Pakistan's federal government has tasked the Federal Board of Revenue (FBR) with collecting Rs15.26 trillion in taxes for fiscal year 2026-27 [1].
This aggressive target is designed to close critical fiscal gaps and provide necessary funding for the upcoming national budget. The move signals the government's intent to broaden its tax base and increase domestic resource mobilization to stabilize the economy.
To support this goal, the government unveiled new revenue-raising measures estimated to generate Rs650 billion [1]. These measures are intended to supplement existing tax frameworks and ensure the FBR can meet the ambitious collection threshold [2].
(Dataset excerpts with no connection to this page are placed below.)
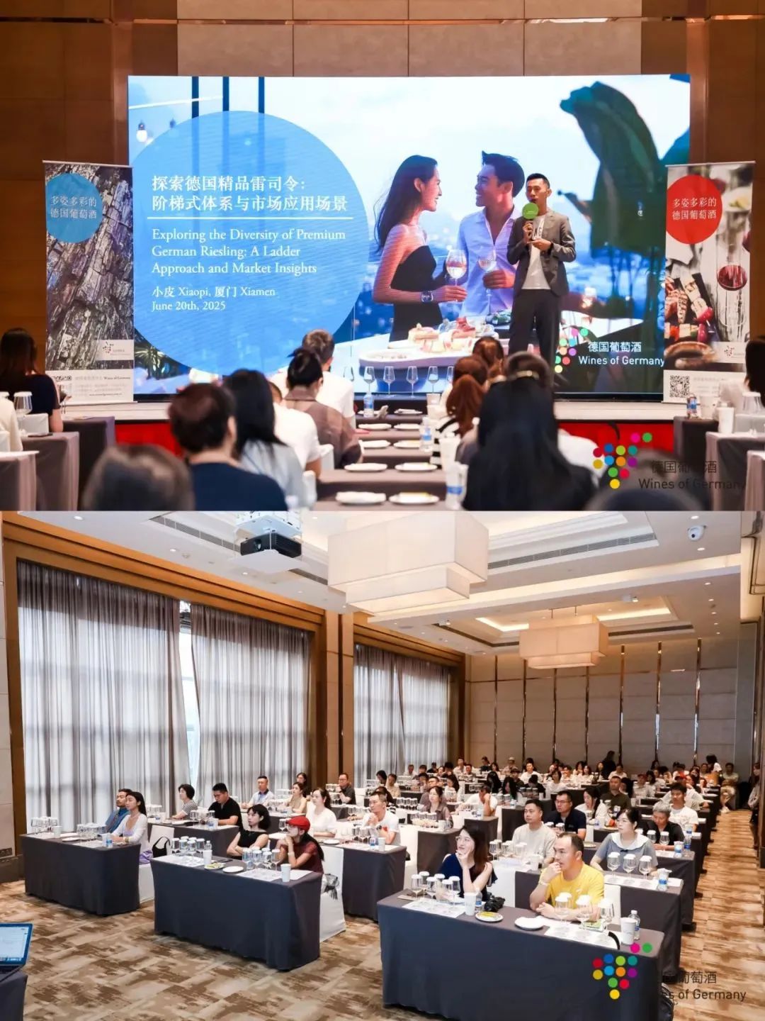 6月广州与厦门巡展,34家德国葡萄酒展商齐聚,共吸引900余位业内人士及资深爱好者莅临参与,聚焦以雷司令为首的德国白葡萄酒,为即将到来的盛夏消费旺季备货;大师班现场座无虚席,由侍酒师大师、知名葡萄酒讲师等大咖坐镇,兼具专业性与趣味性,全方位展示德国雷司令的千面魅力及其他特色红白葡萄酒品种的多样个性。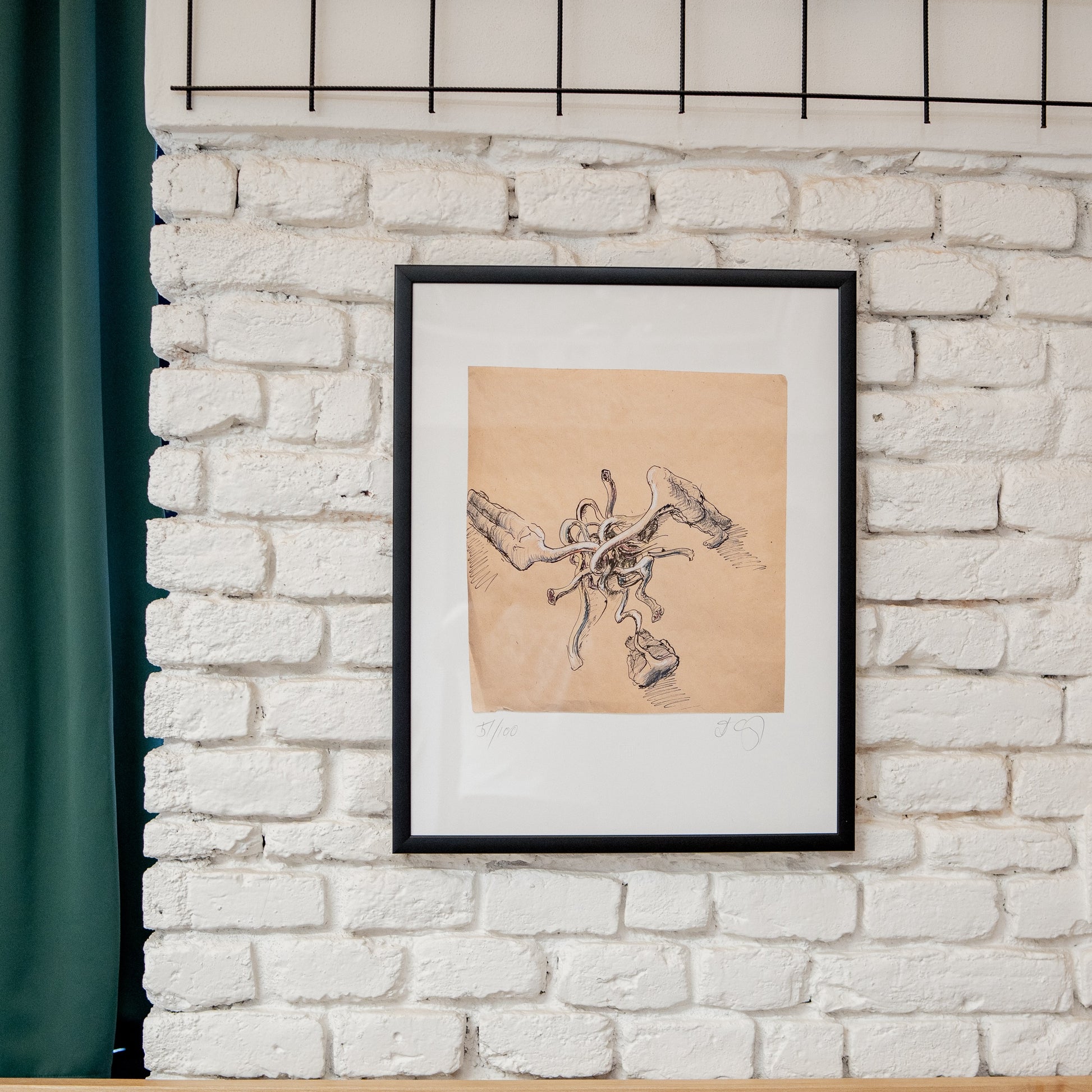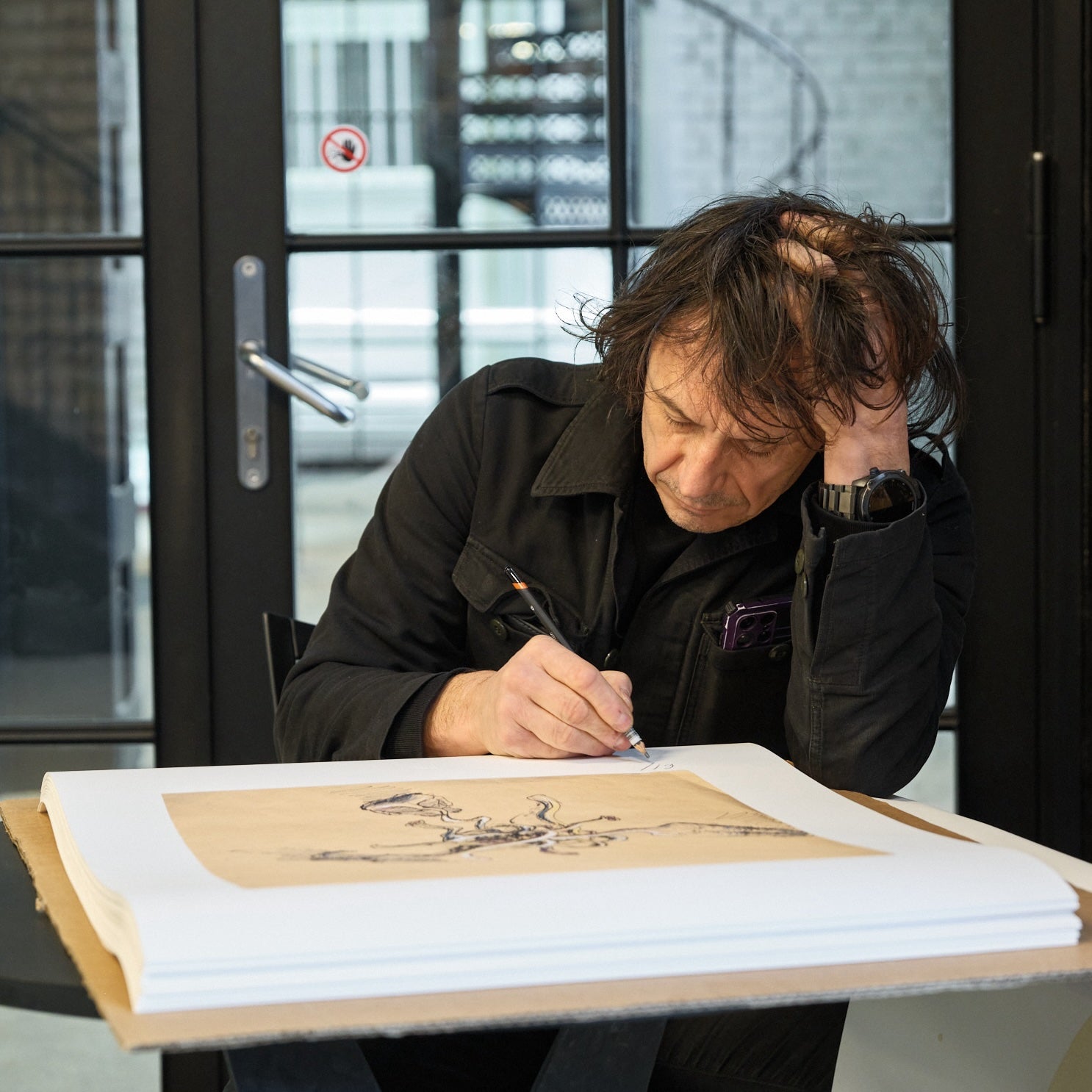 David Černý, ikona českého současného umění, a kresba z 90. let, která předznamenává jeho fascinaci pohybem a mechanikou známou z pozdějších soch. Limitovaná edice 100ks, číslováno, podepsáno autorem.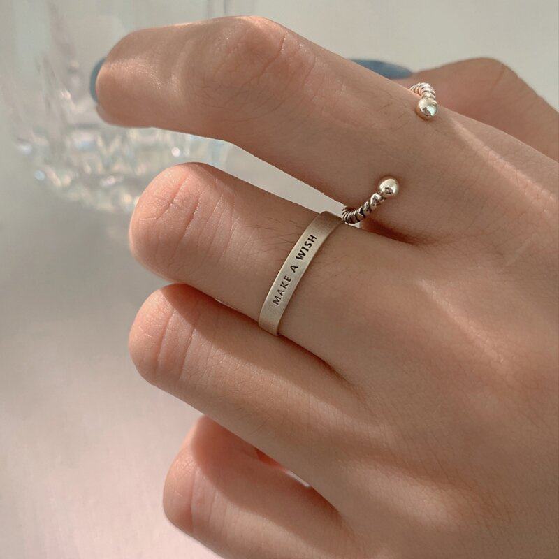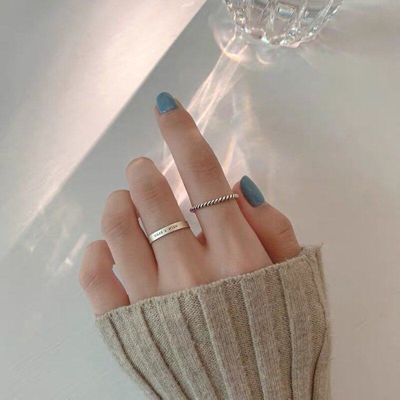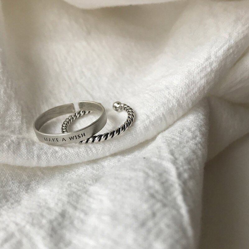 麻花开口戒指女新款潮简约时尚个性小众设计质感复古磨砂字母指环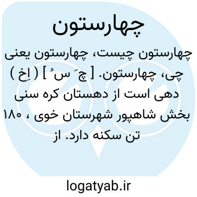 چهارستون. [ چ َ س ُ ] ( اِخ ) دهی است از دهستان کره سنی بخش شاهپور شهرستان خوی، 180 تن سکنه دارد. از چشمه آبیاری میشود. محصولش غلات و شغل اهالی زراعت و گله داری است. ( از فرهنگ جغرافیایی ایران ج 4 ).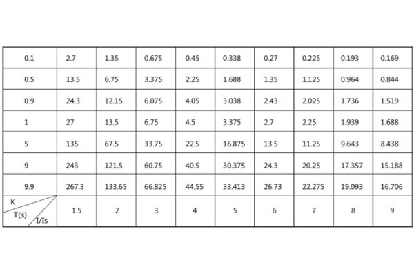 8、典型反時限特性,見下表: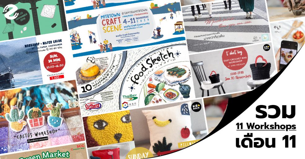 ต้องเชื่อเลยว่ายุคนี้เป็นยุคของงานอดิเรกจริงๆ ถ้ามีโอกาสว่างๆ ไม่ว่าจะเพศไหน อายุเท่าไหร่ ล้วนอยากหากิจกรรมทำเพื่อความสนุก พอทำไปทำมา ดันได้ความรู้นั้นไปประยุกต์ในแบบของตัวเองซะงั้น บางทีสามารถสร้างสินค้าจนไปสร้างรายได้ได้เลย หรือนำไปสอนคนอื่นได้อีก ไม่แปลกใจเลยทำไมถึงมีแต่คนชอบไปเวิร์คช็อป วันนี้ วันดี ซิปเลยรวบรวม 11 workshop ของเดือน 11 มาให้ทุกคนนะคะ เชื่อว่าใครที่ได้ไปลองเรียนรับลองติดใจไปแล้วอยากกลับมาอีกแน่นอนค่าา ไม่รอช้าแล้ว….ไปดูกันดีกว่าว่ามีเวิร์คช็อป แบบไหนบ้าง?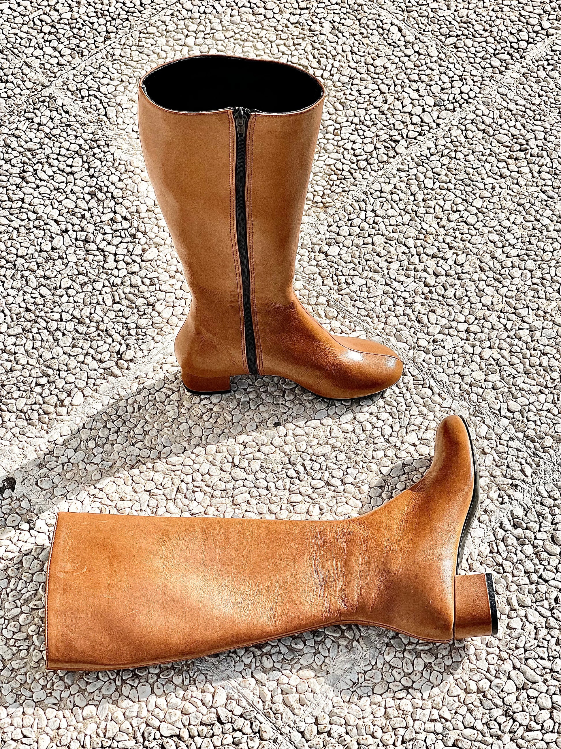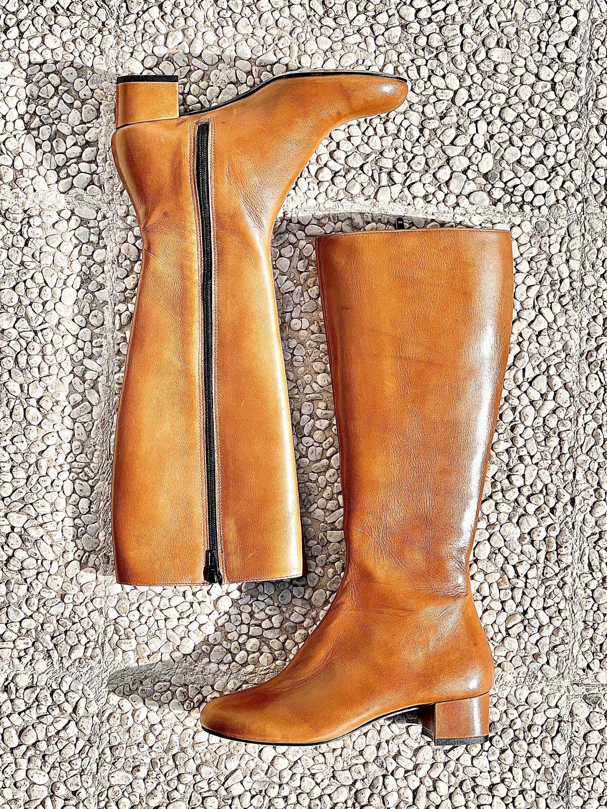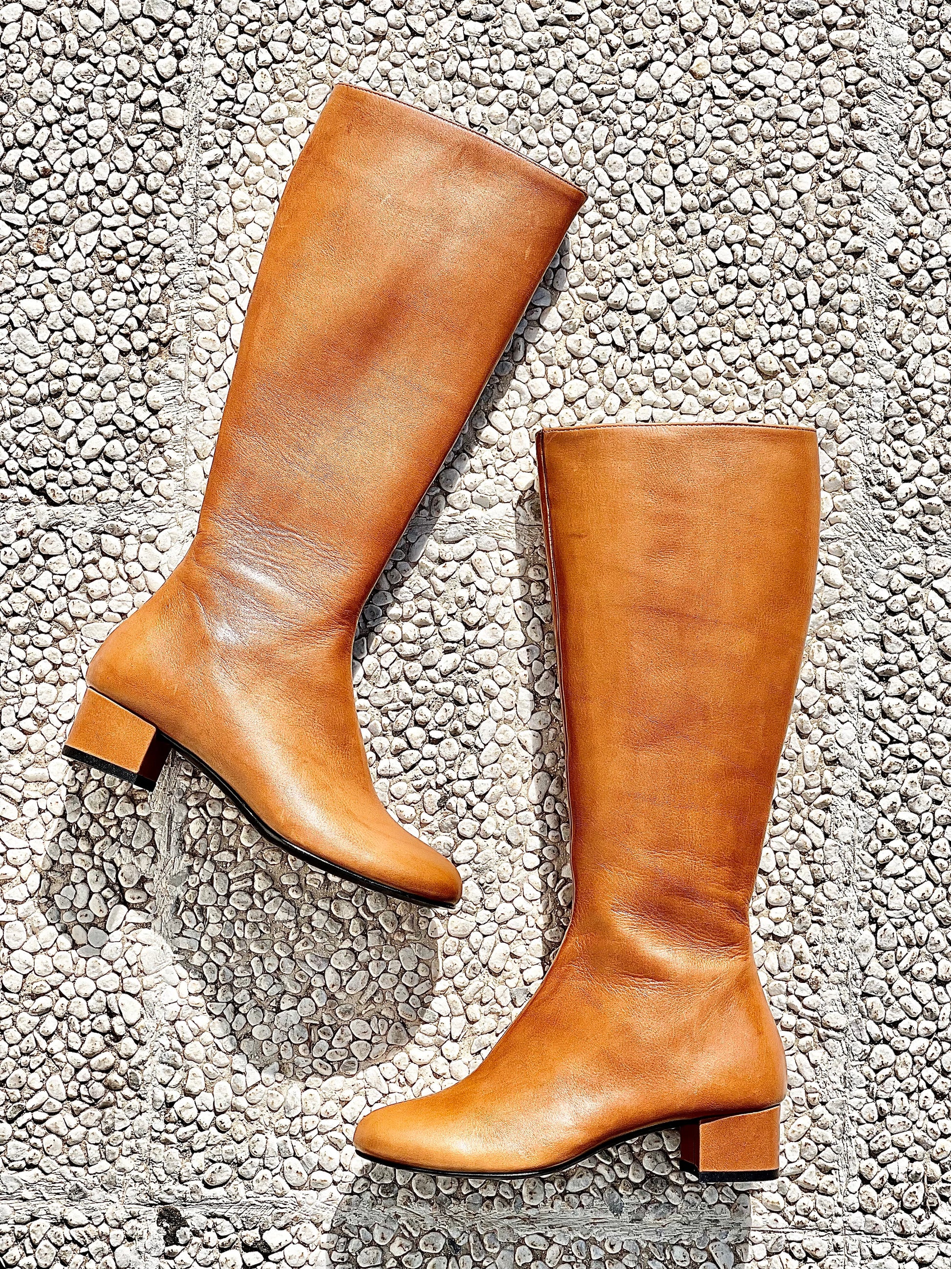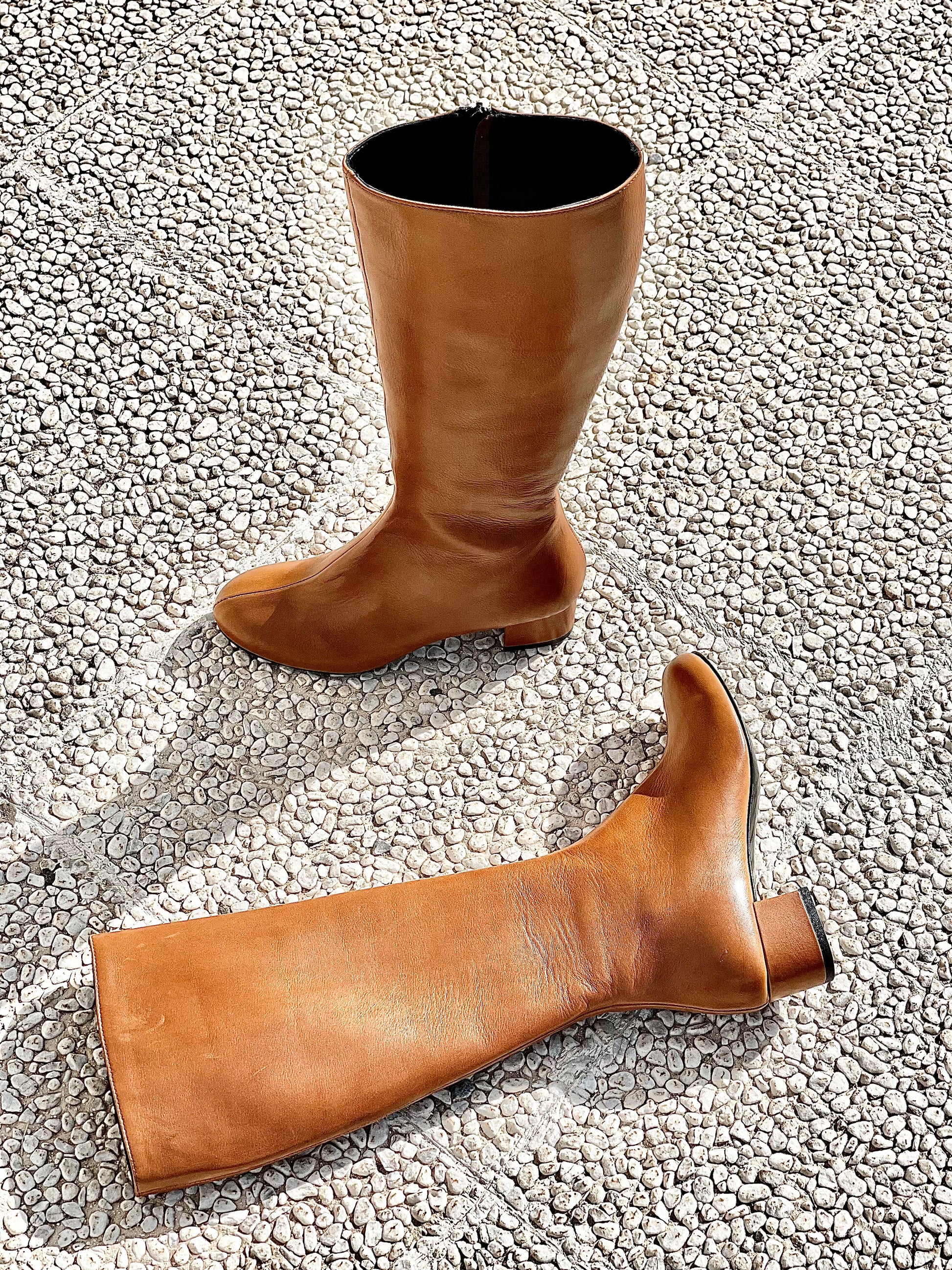 Leren laarzen met ronde neus en 4 cm brede hak.

Officials said the target is necessary to address the country's ongoing financial challenges. The strategy involves a combination of new levies and more efficient collection processes across various sectors of the economy.
Analysts said the FY2026-27 target is highly ambitious [2]. The success of these measures depends on the FBR's ability to implement the new Rs650 billion framework without stifling economic growth or facing significant legal challenges from taxpayers.
The FBR remains the primary agency responsible for the execution of these targets, operating under the direction of the federal government in Islamabad [1].
“Pakistan's federal government has tasked the Federal Board of Revenue (FBR) with collecting Rs15.26 trillion in taxes.”
The scale of this tax target reflects Pakistan's urgent need to reduce its reliance on external borrowing and stabilize its macroeconomic position. However, the gap between current collection levels and the Rs15.26 trillion goal suggests a high risk of fiscal shortfall if the new Rs650 billion in measures fail to materialize or if economic volatility hinders compliance.